Eisbär
Machdeburjer
So jetzt habe ich mal etwas Zeit, um Euch einen kurzen Bericht von unserer diesjährigen Reise zu liefern.
Wir das sind unser Fahrer und "Küchenbulle" Mario, unser Kapitän und diesjährige unangefochtene Sieger Rainhard und ich.
Wir waren nicht zum ersten mal dort auf Hitra und in Grefnesvagen und garantiert auch nicht zum letzten mal. Für nächstes Jahr ist schon wieder gebucht.
Aber nun der Reihe nach.
Am 18.08.06 begann unsere Reise aus Güsen und Burg bei Magdeburg in Richtung Hirtshalts. Mit der Kystlink sind wir dann, nach etwas verspäteter Abfahrt, gut nach Langesund gekommen. Die Abfahrt war etwas später,weil auf der Fähre erst noch ein Norweger seine Frau und seine Freunde verprügeln wollte, was die Besatzung und viele Gäste nicht so gut fanden.

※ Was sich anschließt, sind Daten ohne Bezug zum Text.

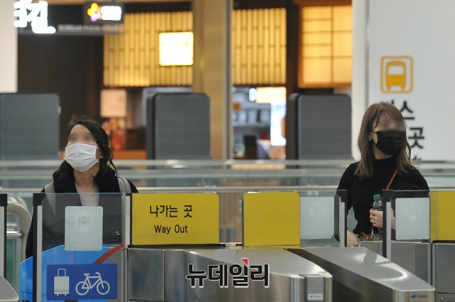 [포토] '코로나19' 예방, 마스크 쓴 인천공항 이용객들
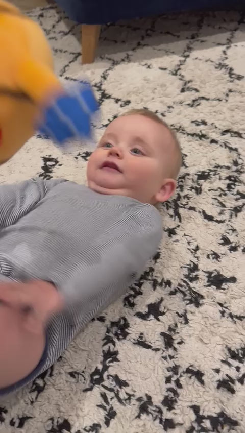 "This is a great engaging toy for baby!" Jess wrote "The basketball has a rattle inside which keeps baby engaged and is good for motor skill development. It also has crinkle paper in the hands and my baby loves to nibble on the little feet."
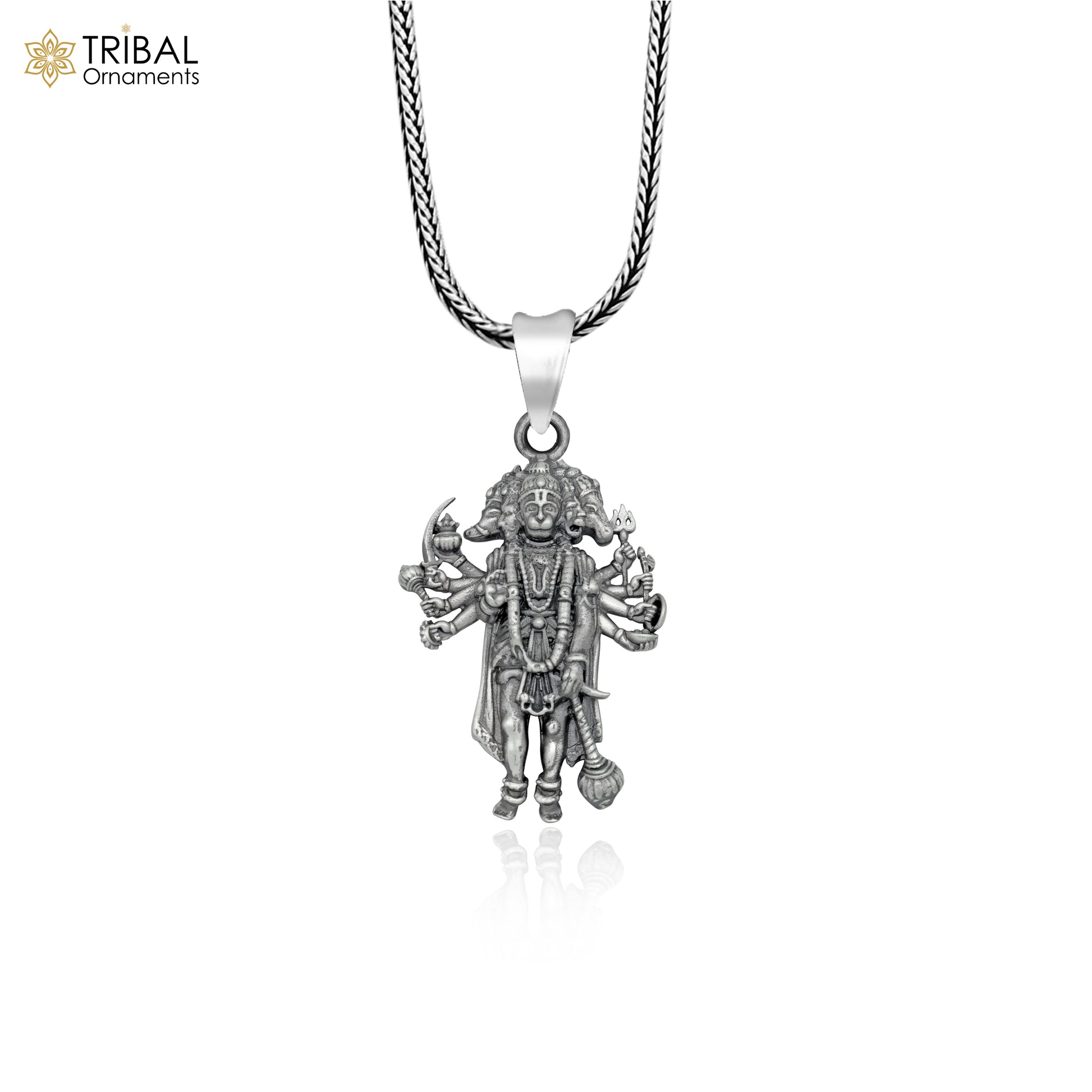 925 sterling silver handmade lord Panchmukhi Hanuman ji Pendant with chain tribal jewellery nsp1007

Er wurde dann kurzer Hand von Bord gebracht. Tja, gib einem Affen Alkohol und er wird unberechenbar.:<-
Dafür waren ihm dann andere deutsche Angler sehr dankbar, weil sie sonst die Fähre verpaßt hätten. Die hätten ihm am liebsten noch einen ausgegeben.
Auf der anderen Seite am frühen Morgen des 19.08. angekommen sind wir dann sehr gut und schnell bis Hitra durchgekommen. Auf der E3 war ich der Fahrer und ich hatte wirklich mächtig Glück. 2x habe ich ein mobiles Blitzkomando überstanden, obwohl das fast die einzigen Stellen waren wo ich "Gott sei Dank" ein anderes langsames Fahrzeug vor mit hatte.
Am Nachmittag waren wir dann gegen 18:00 in unserer Unterkunft angekommen. natürlich haben wir dann auch noch geangelt. Aber wir wollten nicht mehr so lange und so weit raus fahren. Es sollte ja nur zum Abendessen reichen. Aber, es reichte nicht. Der Anreisetag zählt aber nicht.
20.08.
Am nächsten Tag ging es dann ausgeruht richtig los.
Unser diesjähriges Ziel war endlich den Meter-Leng zu fangen. Bei Seelachs und Dorsch hatten wir die Grenze schon 2005 überschritten, aber uns fehlte noch ein guter Leng.
Also schworen wir uns aufs Naturköderangeln ein, womit wir noch nicht soviel Erfahrung gesammelt hatten.
Aber, zum Naturküderangeln braucht man Köder und die haben wir dank eines guten Tipps von einem anderen Urlauber schnell gehabt. An einer Unterwasserbergkette hatten wir jeder Zeit Köhler und Makrelen in Mengen.
Er sagte uns auch gleich daß man dadrunter auch gute Dorsche, Pollaks und große Seelachse fangen kann. Auch das hat sich gleich am ersten Tag mit einem Pollak von 95cm und 8kg bestätigt.
Nachdem wir nun reichlich Köder hatten, fuhren wir den ersten Berg an.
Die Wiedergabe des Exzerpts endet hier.